===== Records for the task =====

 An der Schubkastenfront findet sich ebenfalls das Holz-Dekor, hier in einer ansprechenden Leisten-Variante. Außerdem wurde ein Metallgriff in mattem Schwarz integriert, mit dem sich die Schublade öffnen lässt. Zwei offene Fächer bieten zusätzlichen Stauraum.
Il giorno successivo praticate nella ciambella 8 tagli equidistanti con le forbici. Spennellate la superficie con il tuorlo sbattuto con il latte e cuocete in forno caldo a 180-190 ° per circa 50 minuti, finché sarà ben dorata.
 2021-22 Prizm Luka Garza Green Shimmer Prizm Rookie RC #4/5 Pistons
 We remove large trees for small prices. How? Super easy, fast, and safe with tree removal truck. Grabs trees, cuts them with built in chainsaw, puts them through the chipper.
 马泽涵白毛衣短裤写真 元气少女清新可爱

=====
===== Records for the task =====

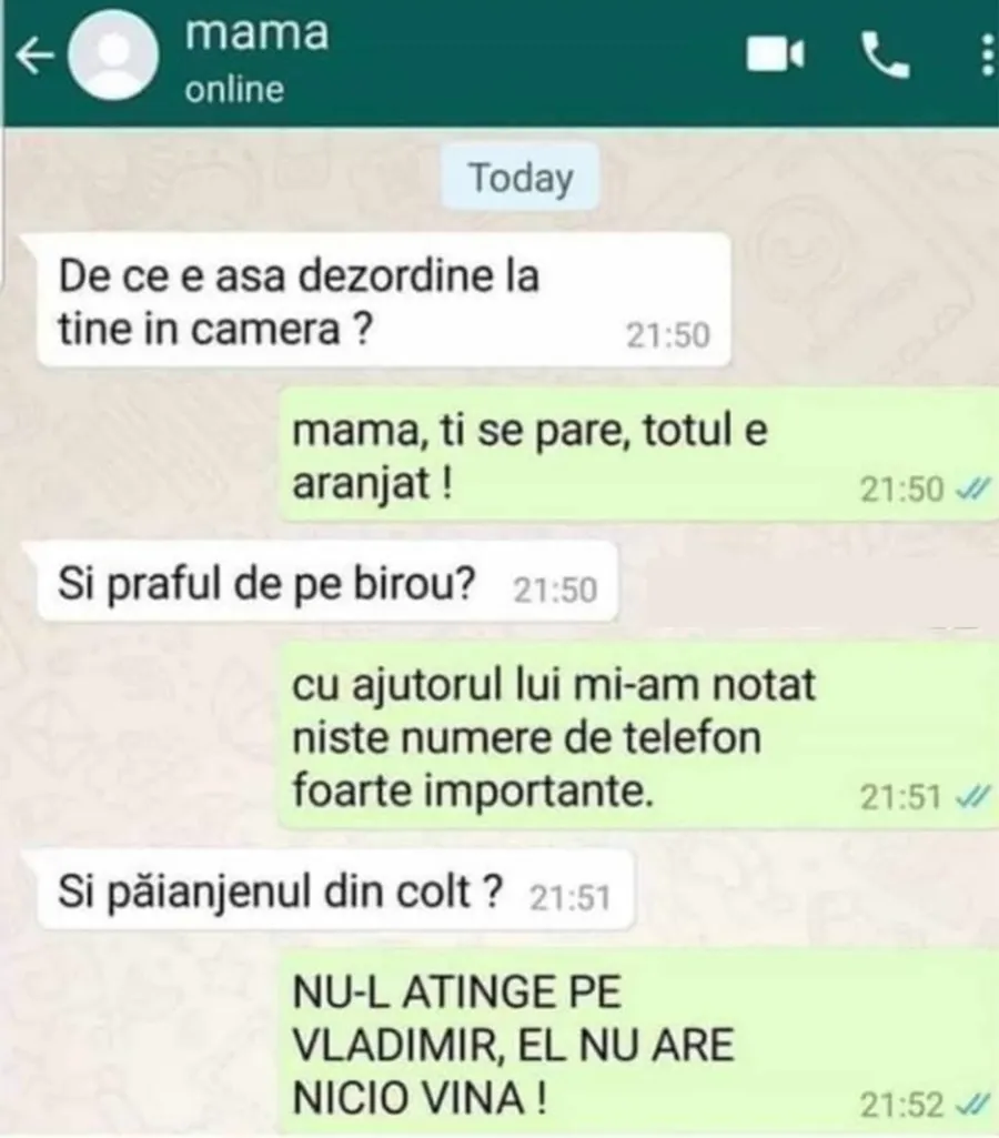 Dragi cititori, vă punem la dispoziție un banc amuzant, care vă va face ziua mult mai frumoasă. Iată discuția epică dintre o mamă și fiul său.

=====

--- The task ---
Find the line with "We remove large" in the material above. Reproduce it and each line after it up to and including the line with "马泽涵白毛衣短裤写真 元气少女清新可爱".

--- Response area ---
 We remove large trees for small prices. How? Super easy, fast, and safe with tree removal truck. Grabs trees, cuts them with built in chainsaw, puts them through the chipper.
 马泽涵白毛衣短裤写真 元气少女清新可爱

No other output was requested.